Vaccines work by providing antibodies that the immune system needs to fight specific infections; it's similar to supplying an army with weapons to ensure soldiers are prepared for war. One of the biggest hurdles to creating a vaccine against HIV is that scientists still do not have an antibody capable of destroying the virus' different strains. However, in a new study, a team of international researchers have created what they are calling the most powerful HIV-attacking antibody ever. The antibody is so powerful, they believe it could be the final piece of the puzzle to creating the elusive HIV vaccine.

The super antibody is based off a unique pair of antibodies found in a patient which proved capable of neutralizing a wide range of HIV strains. For example, although we view HIV as a single virus, according to Avert.com, there are actually a number of different strains and subtypes of the virus. This, of course, makes it especially difficult to create a universal vaccine. However, the two antibodies found in this particular patient, both of which were variants of an antibody known as DH511, addressed this common problem. The team then took these antibodies apart and recombined them to create a single “super antibody,” that proved capable of of neutralizing 206 of the 209 strains of HIV found throughout the world, The Scientist reported.

Read: HIV Cure 2017? New Research Suggests Way To Theoretically Eliminate Virus From Body

The team believes that eventually an HIV vaccine will come from this super antibody, but many more years of research are likely ahead of them. For example, the team explained that it's not enough to just find a super antibody in a person; they have to figure out how the antibody was developed in the host. Still, the finding is exciting, and shows that humankind is slowly but surely creating a path to defeat HIV.

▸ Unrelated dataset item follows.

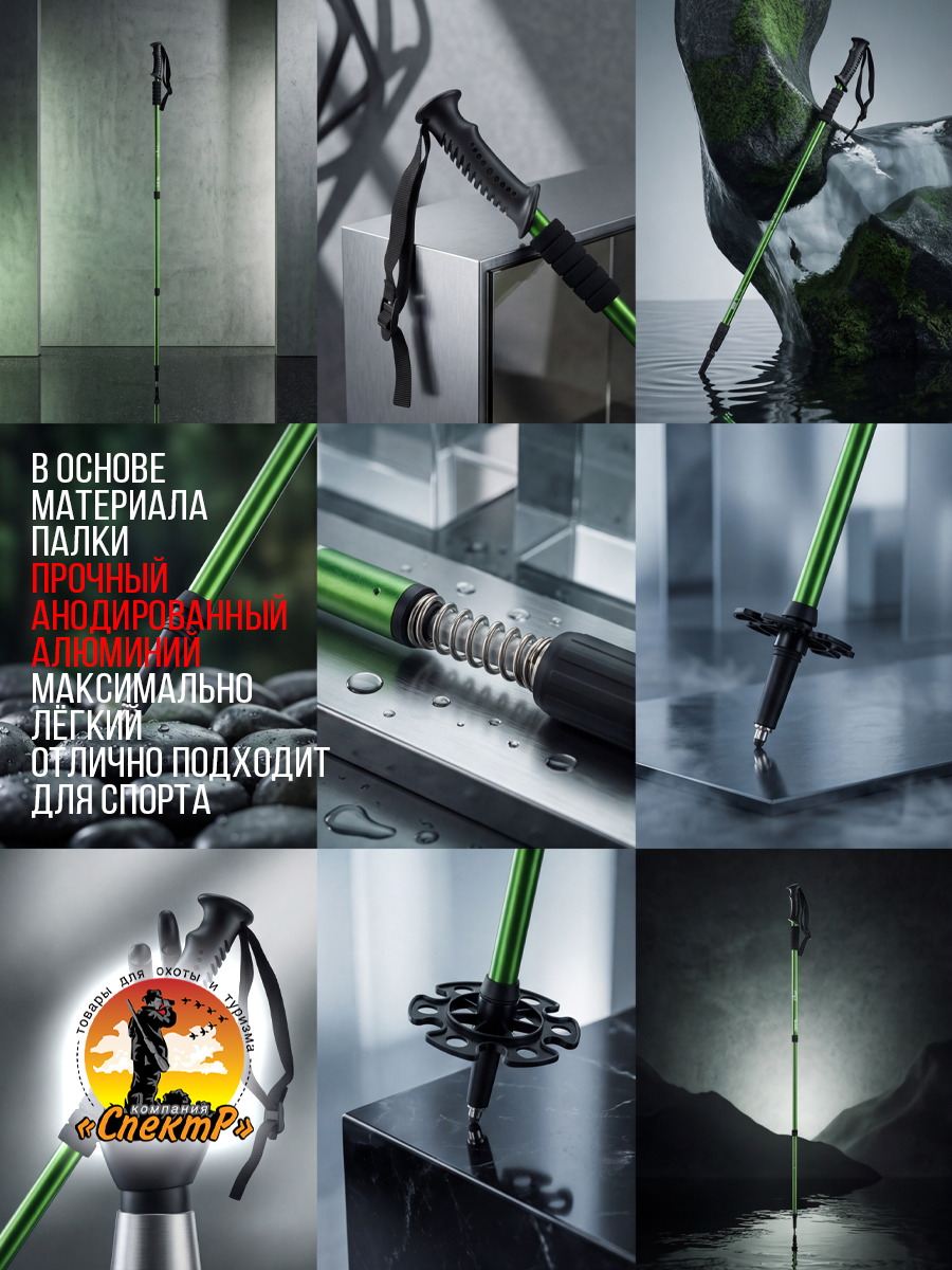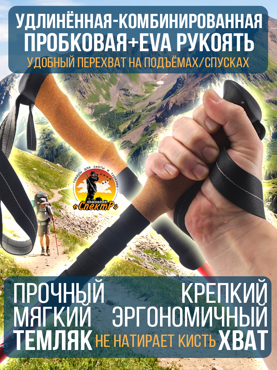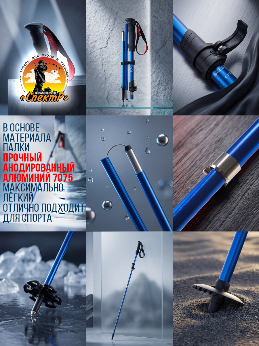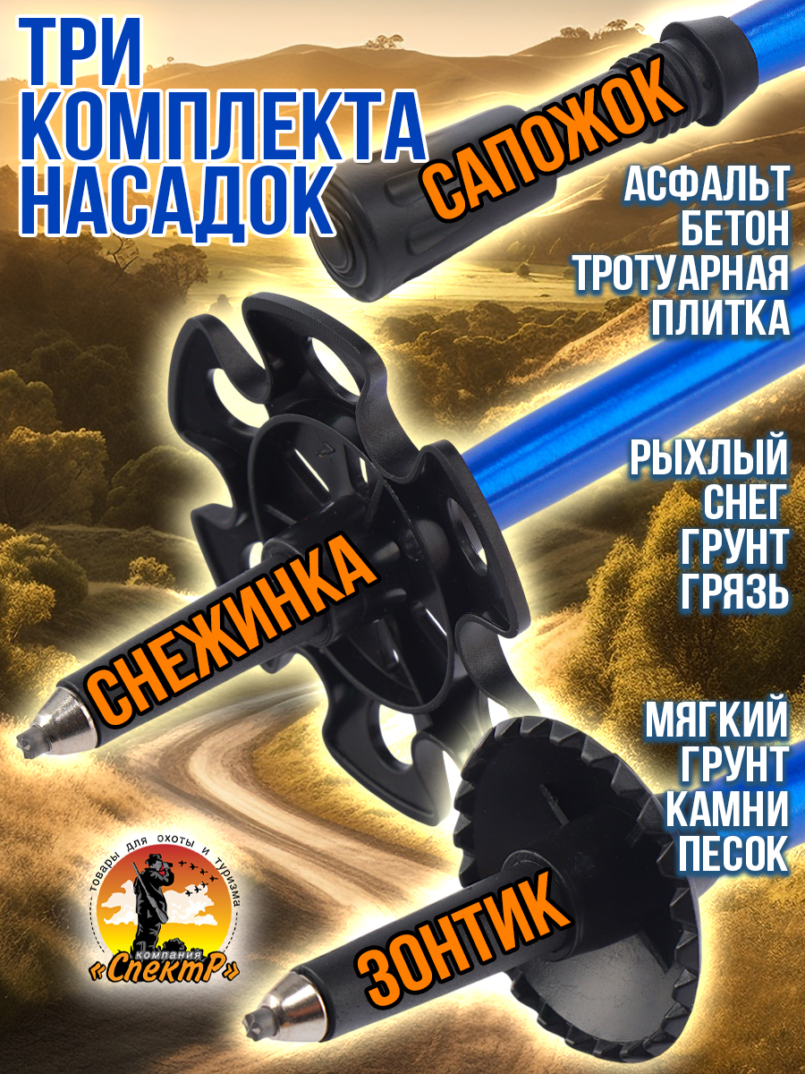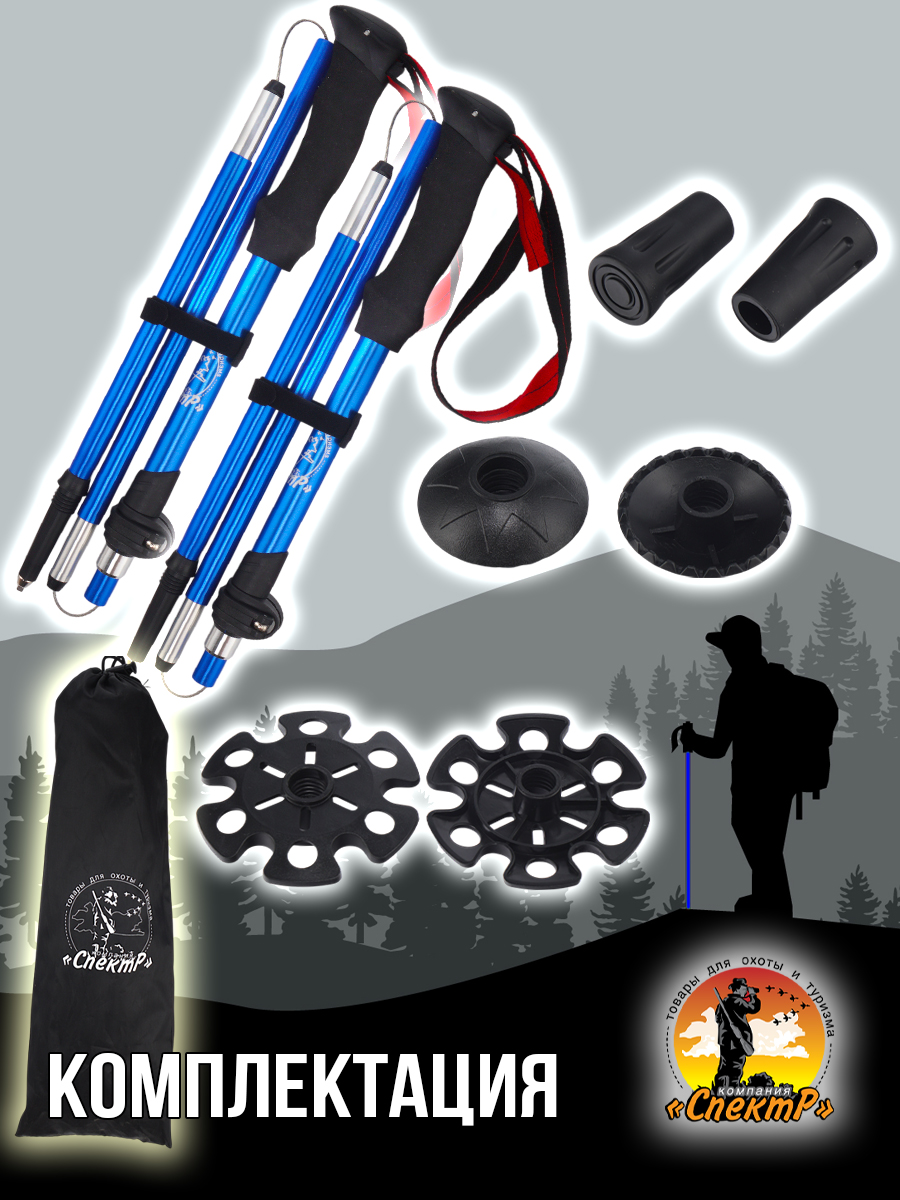 Трекинговые палки 2шт, 3 пары насадок «САПОЖОК», малое кольцо, большое кольцо, чехол для переноса).

In the meantime, without an HIV vaccine, science has made strides in other methods of preventing its spread. Safe sex and the use of condoms remain the most effective ways to prevent HIV transmission, but pre-exposure prophylaxis drugs also help ward off the virus in the most at-risk members of our population. According to the Centers for Disease Control and Prevention, the drugs are available in daily pills, vaginal rings, and injection forms, and help to significantly reduce the risk of contracting HIV by up to 92 percent. The drugs work by destroying the virus’ ability to reproduce within the body, but unlike a vaccine, these drugs must be taken regularly, sometimes daily, in order to continue being effective.